_Task statement_.
Please produce a character-exact copy of the listing that follows, omitting all images.

_Data_.
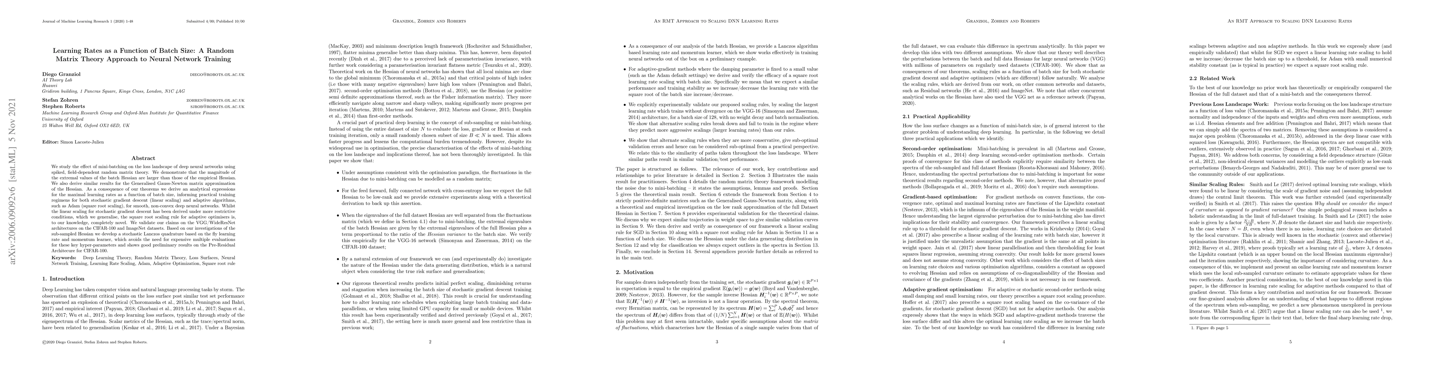 We study the effect of mini-batching on the loss landscape of deep neural networks using spiked, field-dependent random matrix theory. We demonstrate that the magnitude of the extremal values of the batch Hessian are larger than those of the empirical Hessian. We also derive similar results for the Generalised Gauss-Newton matrix approximation of the Hessian. As a consequence of our theorems we derive an analytical expressions for the maximal learning rates as a function of batch size, informing practical training regimens for both stochastic gradient descent (linear scaling) and adaptive algorithms, such as Adam (square root scaling), for smooth, non-convex deep neural networks. Whilst the linear scaling for stochastic gradient descent has been derived under more restrictive conditions, which we generalise, the square root scaling rule for adaptive optimisers is, to our knowledge, completely novel. %For stochastic second-order methods and adaptive methods, we derive that the minimal damping coefficient is proportional to the ratio of the learning rate to batch size. We validate our claims on the VGG/WideResNet architectures on the CIFAR-$100$ and ImageNet datasets. Based on our investigations of the sub-sampled Hessian we develop a stochastic Lanczos quadrature based on the fly learning rate and momentum learner, which avoids the need for expensive multiple evaluations for these key hyper-parameters and shows good preliminary results on the Pre-Residual Architecure for CIFAR-$100$.
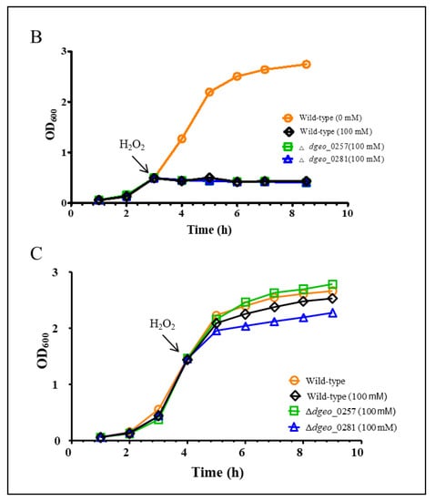 (A) Viability against H2O2 treatment at 80, 100, and 120 mM for 1 h was tested. Comparison of growth patterns among wild-type, Δdgeo_0257, and Δdgeo_0281 mutant strains. Growth was completely inhibited by 100 mM H2O2 at two different OD600 values of 0.5 (B) and 1.47 (C) in wild-type and Δdgeo_0257 and Δdgeo_0281 mutant strains. The OD values were determined by direct measurement.
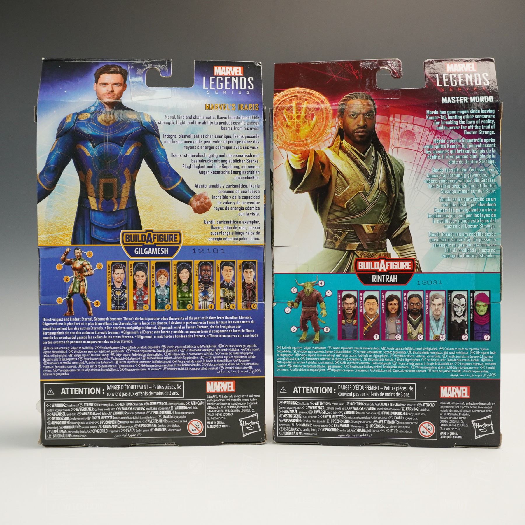Pair of Marvel Legends Series 6-inch action figures by Hasbro, each part of a Build-A-Figure collection. Includes Marvel's Ikaris from Eternals, part of the Gilgamesh Build-A-Figure wave, featuring an alternate head and hands. Also includes Master Mordo from Doctor Strange in the Multiverse of Madness, part of the Rintrah Build-A-Figure series, with alternate hands, accessories, and a BAF piece. Both figures are factory sealed in original packaging with character artwork and bios on the back. Each figure is articulated and designed for collectors ages 4 and up. Each box measures 6.25"L x 2.5"W x 10.5"H.
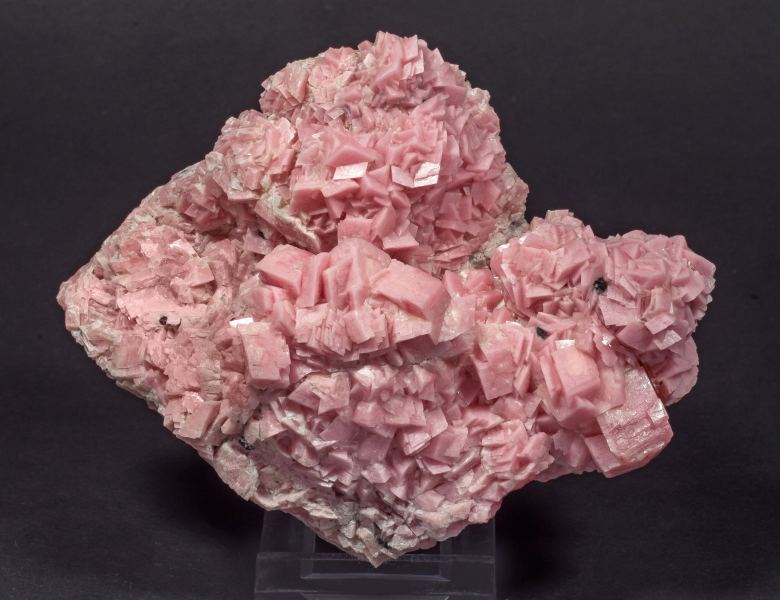 Druse on matrix of rhombohedral Rhodochrosite crystals, very sharp, with good luster and a very uniform, intense and vivid pink color. Altogether a piece with great aesthetics, very well balanced.Manuelita Mine, ↓1400 m., Morococha District, Yauli Province, Junín Department Peru (03/2019 )

_Answer to this task_.
 We study the effect of mini-batching on the loss landscape of deep neural networks using spiked, field-dependent random matrix theory. We demonstrate that the magnitude of the extremal values of the batch Hessian are larger than those of the empirical Hessian. We also derive similar results for the Generalised Gauss-Newton matrix approximation of the Hessian. As a consequence of our theorems we derive an analytical expressions for the maximal learning rates as a function of batch size, informing practical training regimens for both stochastic gradient descent (linear scaling) and adaptive algorithms, such as Adam (square root scaling), for smooth, non-convex deep neural networks. Whilst the linear scaling for stochastic gradient descent has been derived under more restrictive conditions, which we generalise, the square root scaling rule for adaptive optimisers is, to our knowledge, completely novel. %For stochastic second-order methods and adaptive methods, we derive that the minimal damping coefficient is proportional to the ratio of the learning rate to batch size. We validate our claims on the VGG/WideResNet architectures on the CIFAR-$100$ and ImageNet datasets. Based on our investigations of the sub-sampled Hessian we develop a stochastic Lanczos quadrature based on the fly learning rate and momentum learner, which avoids the need for expensive multiple evaluations for these key hyper-parameters and shows good preliminary results on the Pre-Residual Architecure for CIFAR-$100$.
 (A) Viability against H2O2 treatment at 80, 100, and 120 mM for 1 h was tested. Comparison of growth patterns among wild-type, Δdgeo_0257, and Δdgeo_0281 mutant strains. Growth was completely inhibited by 100 mM H2O2 at two different OD600 values of 0.5 (B) and 1.47 (C) in wild-type and Δdgeo_0257 and Δdgeo_0281 mutant strains. The OD values were determined by direct measurement.
Pair of Marvel Legends Series 6-inch action figures by Hasbro, each part of a Build-A-Figure collection. Includes Marvel's Ikaris from Eternals, part of the Gilgamesh Build-A-Figure wave, featuring an alternate head and hands. Also includes Master Mordo from Doctor Strange in the Multiverse of Madness, part of the Rintrah Build-A-Figure series, with alternate hands, accessories, and a BAF piece. Both figures are factory sealed in original packaging with character artwork and bios on the back. Each figure is articulated and designed for collectors ages 4 and up. Each box measures 6.25"L x 2.5"W x 10.5"H.
 Druse on matrix of rhombohedral Rhodochrosite crystals, very sharp, with good luster and a very uniform, intense and vivid pink color. Altogether a piece with great aesthetics, very well balanced.Manuelita Mine, ↓1400 m., Morococha District, Yauli Province, Junín Department Peru (03/2019 )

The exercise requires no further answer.